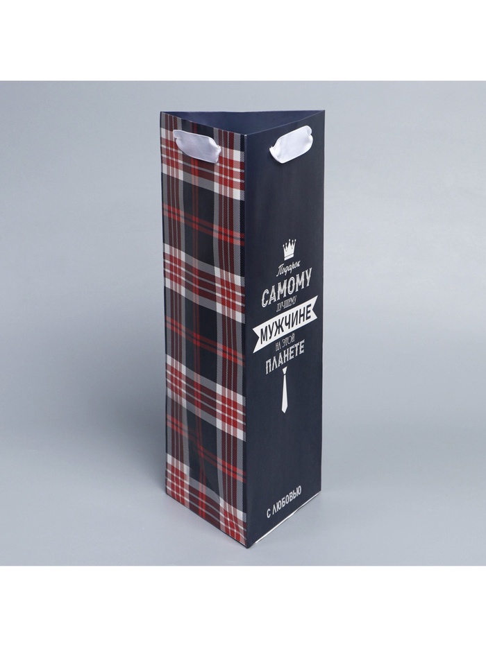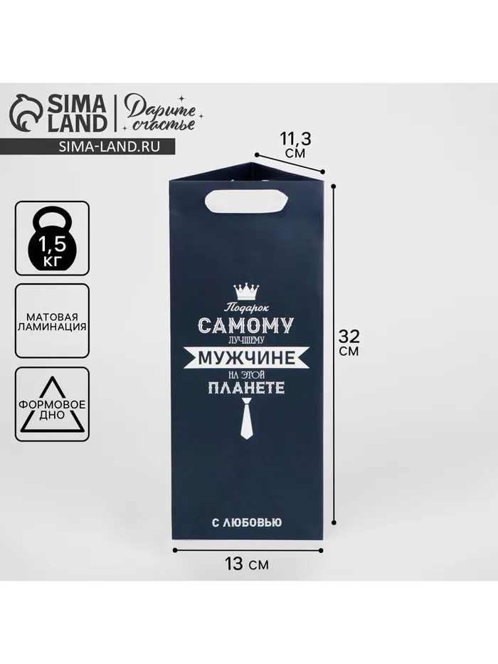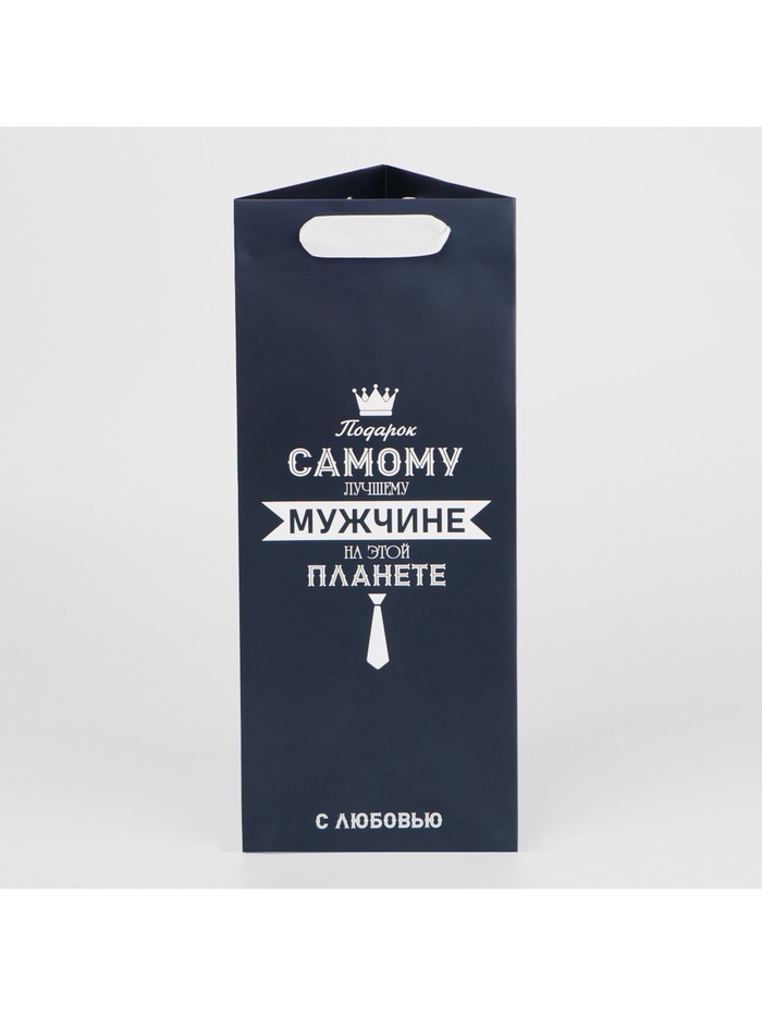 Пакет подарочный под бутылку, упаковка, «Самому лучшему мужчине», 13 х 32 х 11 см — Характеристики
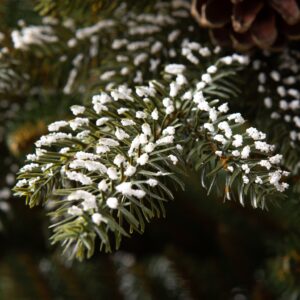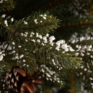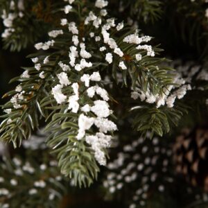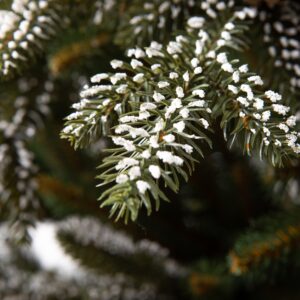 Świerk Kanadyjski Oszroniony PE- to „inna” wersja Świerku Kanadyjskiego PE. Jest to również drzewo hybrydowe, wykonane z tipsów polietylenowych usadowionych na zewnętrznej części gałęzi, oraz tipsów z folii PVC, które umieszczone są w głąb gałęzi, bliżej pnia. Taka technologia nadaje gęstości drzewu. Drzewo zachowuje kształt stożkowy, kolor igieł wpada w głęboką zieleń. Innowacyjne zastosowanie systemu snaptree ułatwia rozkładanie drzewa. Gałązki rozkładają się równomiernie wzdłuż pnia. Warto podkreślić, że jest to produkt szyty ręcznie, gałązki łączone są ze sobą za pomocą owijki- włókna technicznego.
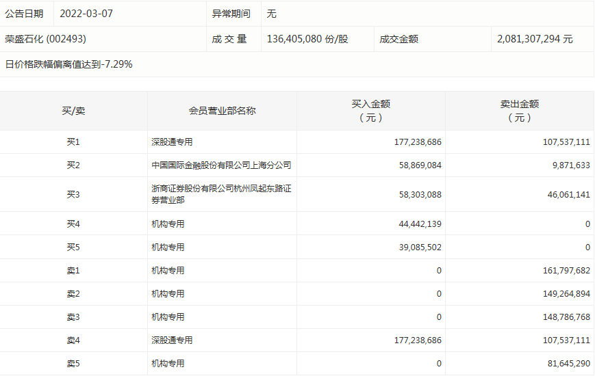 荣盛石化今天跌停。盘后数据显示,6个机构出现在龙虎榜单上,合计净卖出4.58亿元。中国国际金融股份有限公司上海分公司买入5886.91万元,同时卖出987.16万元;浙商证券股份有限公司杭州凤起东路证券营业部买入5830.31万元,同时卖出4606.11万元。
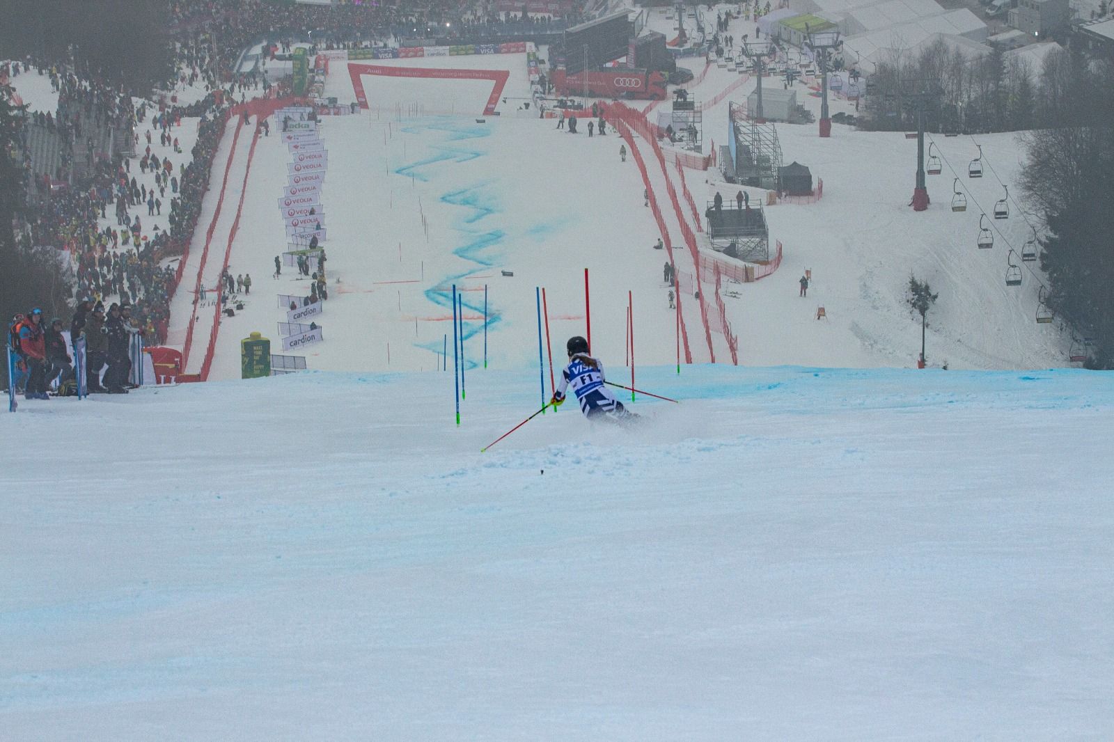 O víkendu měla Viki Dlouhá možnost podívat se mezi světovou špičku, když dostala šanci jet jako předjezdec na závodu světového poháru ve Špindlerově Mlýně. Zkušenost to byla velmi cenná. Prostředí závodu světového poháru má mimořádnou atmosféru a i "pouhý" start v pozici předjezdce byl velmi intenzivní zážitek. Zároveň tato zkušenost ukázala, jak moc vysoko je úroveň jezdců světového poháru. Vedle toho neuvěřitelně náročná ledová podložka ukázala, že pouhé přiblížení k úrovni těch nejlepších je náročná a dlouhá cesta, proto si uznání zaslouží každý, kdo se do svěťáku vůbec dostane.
========
WHAT YOU SHOULD DO:
Please give all of the material again, exactly, without the images.

OUTPUT FOR THIS EXERCISE:
 Пакет подарочный под бутылку, упаковка, «Самому лучшему мужчине», 13 х 32 х 11 см — Характеристики
 Świerk Kanadyjski Oszroniony PE- to „inna” wersja Świerku Kanadyjskiego PE. Jest to również drzewo hybrydowe, wykonane z tipsów polietylenowych usadowionych na zewnętrznej części gałęzi, oraz tipsów z folii PVC, które umieszczone są w głąb gałęzi, bliżej pnia. Taka technologia nadaje gęstości drzewu. Drzewo zachowuje kształt stożkowy, kolor igieł wpada w głęboką zieleń. Innowacyjne zastosowanie systemu snaptree ułatwia rozkładanie drzewa. Gałązki rozkładają się równomiernie wzdłuż pnia. Warto podkreślić, że jest to produkt szyty ręcznie, gałązki łączone są ze sobą za pomocą owijki- włókna technicznego.
 荣盛石化今天跌停。盘后数据显示,6个机构出现在龙虎榜单上,合计净卖出4.58亿元。中国国际金融股份有限公司上海分公司买入5886.91万元,同时卖出987.16万元;浙商证券股份有限公司杭州凤起东路证券营业部买入5830.31万元,同时卖出4606.11万元。
 O víkendu měla Viki Dlouhá možnost podívat se mezi světovou špičku, když dostala šanci jet jako předjezdec na závodu světového poháru ve Špindlerově Mlýně. Zkušenost to byla velmi cenná. Prostředí závodu světového poháru má mimořádnou atmosféru a i "pouhý" start v pozici předjezdce byl velmi intenzivní zážitek. Zároveň tato zkušenost ukázala, jak moc vysoko je úroveň jezdců světového poháru. Vedle toho neuvěřitelně náročná ledová podložka ukázala, že pouhé přiblížení k úrovni těch nejlepších je náročná a dlouhá cesta, proto si uznání zaslouží každý, kdo se do svěťáku vůbec dostane.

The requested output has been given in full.